As the Brethren above have stated, you have two options to join a *RECOGNIZED* Grand Body of Masonry here in Texas.    You can look up the *Prince Hall Affiiated, F&AM (PHA) Lodges *in your area, as well as the *Grand Lodge of Texas, AF&AM Lodges*.   It isn't our duty to sway you either way----*YOU* take the initiative to seek out Brothers from each Lodge, and *YOU* select and petition for membership at the Lodge that is the best fit *FOR YOU*.    I did the same, a little over two years ago, and was "healed" into a PHA Lodge on August 18, 2010.   

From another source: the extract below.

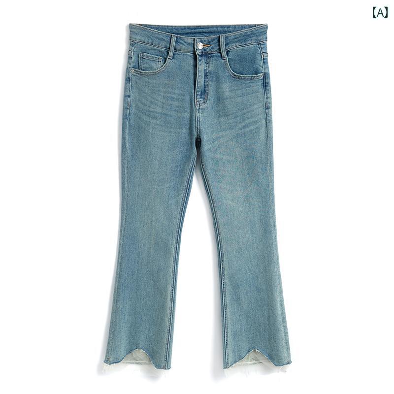 レディース ファッション オシャレ カワイイ 女性用 レトロ 風 ハイウエスト イレギュラー パンツ 裾 シースルー デニム ブーツ アップ パンツ
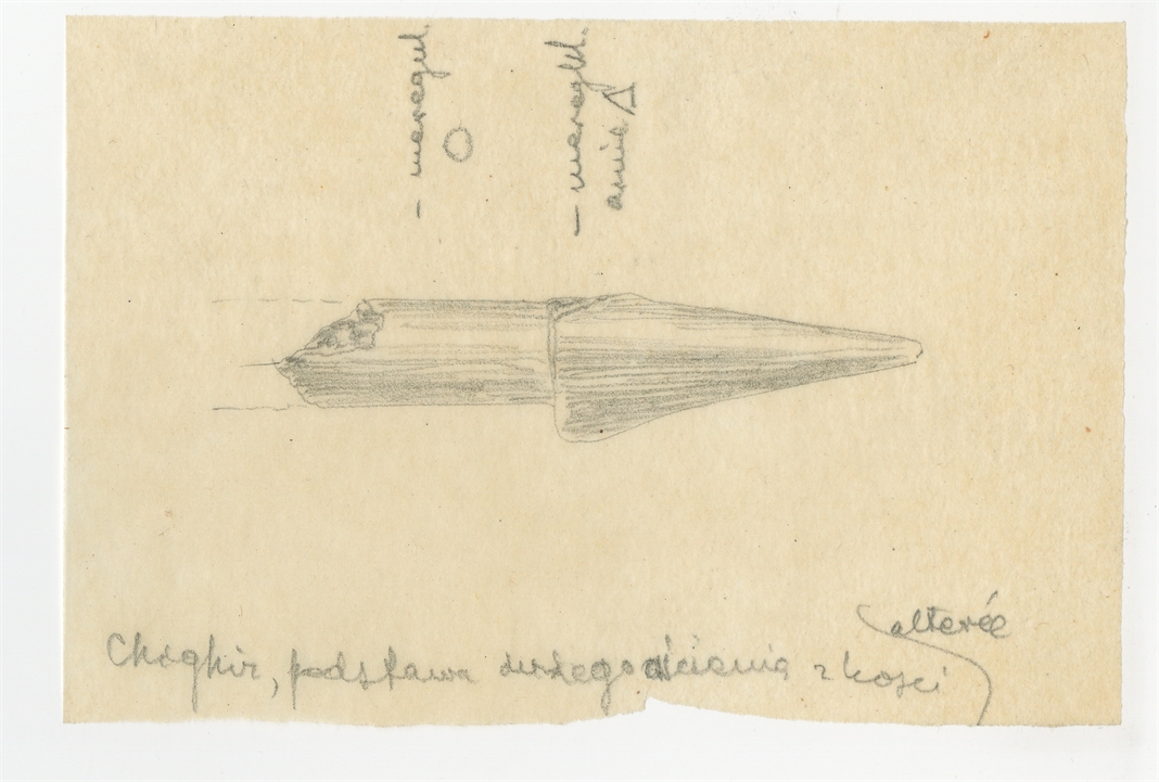 Rysunek zabytku kościanego ze stanowiska Szigir (Chighiz) na Uralu - zbiór Barona de Baye z końca XIX w. Ołówek na kalce

Please maintain your membership on this Forum, and keep us posted on your progress, whichever way you go.   If you have any further questions about my experience in the AF&AM "Grand Lodge" that I left, send me a Private Message, or an email, (towerbuilder7@gmail.com) and I can offer as much LIGHT as you need to help you progress toward further LIGHT in Masonry in one of our Grand Bodies, if that is what you seek.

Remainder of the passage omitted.